Latin American countries must create a system for foreign exchange portability before working on integrating its financial exchanges, Roberto Belchior, managing director of Brazil’s financial exchange operator B3 SA Brasil Bolsa Balcão said.
“It would be very hard for us to work on integration before we can have active commercial trade happening across the multiple currencies in the region,’’ Belchior said, speaking with LatinFinance during the SWIFT Latin America conference in Miami.
“An investor may buy in Brazil today and then decide to sell and go to Peru or Argentina, so he will have to convert reais into dollars and then into soles or pesos,” he said. “That creates costs and tangles that work against us as we try to attract investment to the region.”
Brazil and Argentina have strengthened a dialogue on financial integration in the last few years while the four nations of the Pacific Alliance, one of the region’s largest trading blocs made up of Chile, Colombia, Mexico and Peru, have taken steps to deepen financial ties.

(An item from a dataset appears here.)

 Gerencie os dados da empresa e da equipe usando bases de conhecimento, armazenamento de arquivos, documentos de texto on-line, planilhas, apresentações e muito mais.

The Latin American Integrated Market, or MILA, struggled to attract capital flows in the first few years after its launch in 2011, but new and planned cross-border financing instruments will likely increase trading volume.
“What’s missing is a connection between the Pacific and the Atlantic, so we can really have a Latin American regional market,” Belchior said.
B3, the result of the 2017 merger between Brazilian bourse BM&F Bovespa and clearing house Cetip, has crossed borders in the region by investing in stock markets in Chile, Colombia, Mexico and Peru. It also has an operational agreement with the Argentine exchange, the executive added.
“First we organized ourselves at home, in Brazil, so we could start looking at the region but with a collaborative perspective; we are not looking to take control of anyone, or interfere beyond a collaboration to bring all markets to a level that allows us to be seen as a region and not as isolated countries,” Belchior said.